(Collected data entries)

- - - - - - -

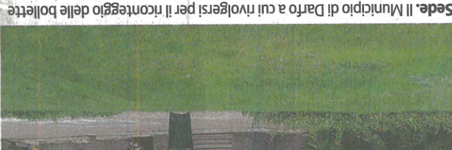
Sede. Il Municipio di Darfo a cui rivolgersi per il riconteggio delle bollette

identi in queste zone che hanno avuto aumenti spropositati possono contattare l'ufficio tributi per chiedere il riconteggio della tariffa». Quando? Dal lunedì al venerdì dalle 10 alle 12. Meglio su appuntamento allo 0364/541340. //
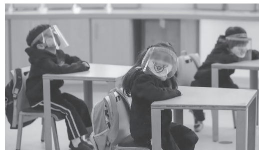
◀ Sólo 250 mil alumnos regresaron a clases presenciales, de un universo de 4.5 millones. Foto Especial
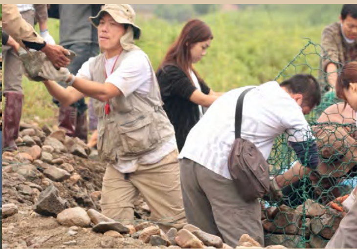
2005 年暑期義工齊集毛寺村以環保手作方法建橋
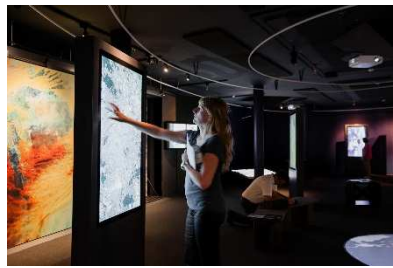
「未来の学校 powered by アルスエレクトロニカ」
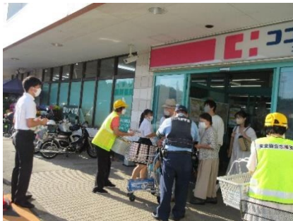
夕焼け小焼けキャンペーン(志摩)
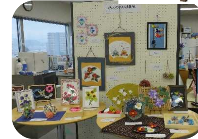
センター利用者、登録団体の作品展示
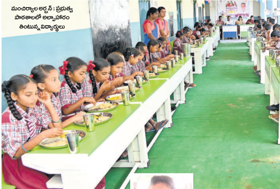
మంచిర్యాల అర్బన్ : ప్రభుత్వ పాఠశాలలో అల్పాహారం తింటున్న విద్యార్థులు

- - - - - - -

**Exercise goal:**
Word for word, please reproduce each entry above and leave out every picture.

**Completed task:**
Sede. Il Municipio di Darfo a cui rivolgersi per il riconteggio delle bollette

identi in queste zone che hanno avuto aumenti spropositati possono contattare l'ufficio tributi per chiedere il riconteggio della tariffa». Quando? Dal lunedì al venerdì dalle 10 alle 12. Meglio su appuntamento allo 0364/541340. //
◀ Sólo 250 mil alumnos regresaron a clases presenciales, de un universo de 4.5 millones. Foto Especial
2005 年暑期義工齊集毛寺村以環保手作方法建橋
「未来の学校 powered by アルスエレクトロニカ」
夕焼け小焼けキャンペーン(志摩)
センター利用者、登録団体の作品展示
మంచిర్యాల అర్బన్ : ప్రభుత్వ పాఠశాలలో అల్పాహారం తింటున్న విద్యార్థులు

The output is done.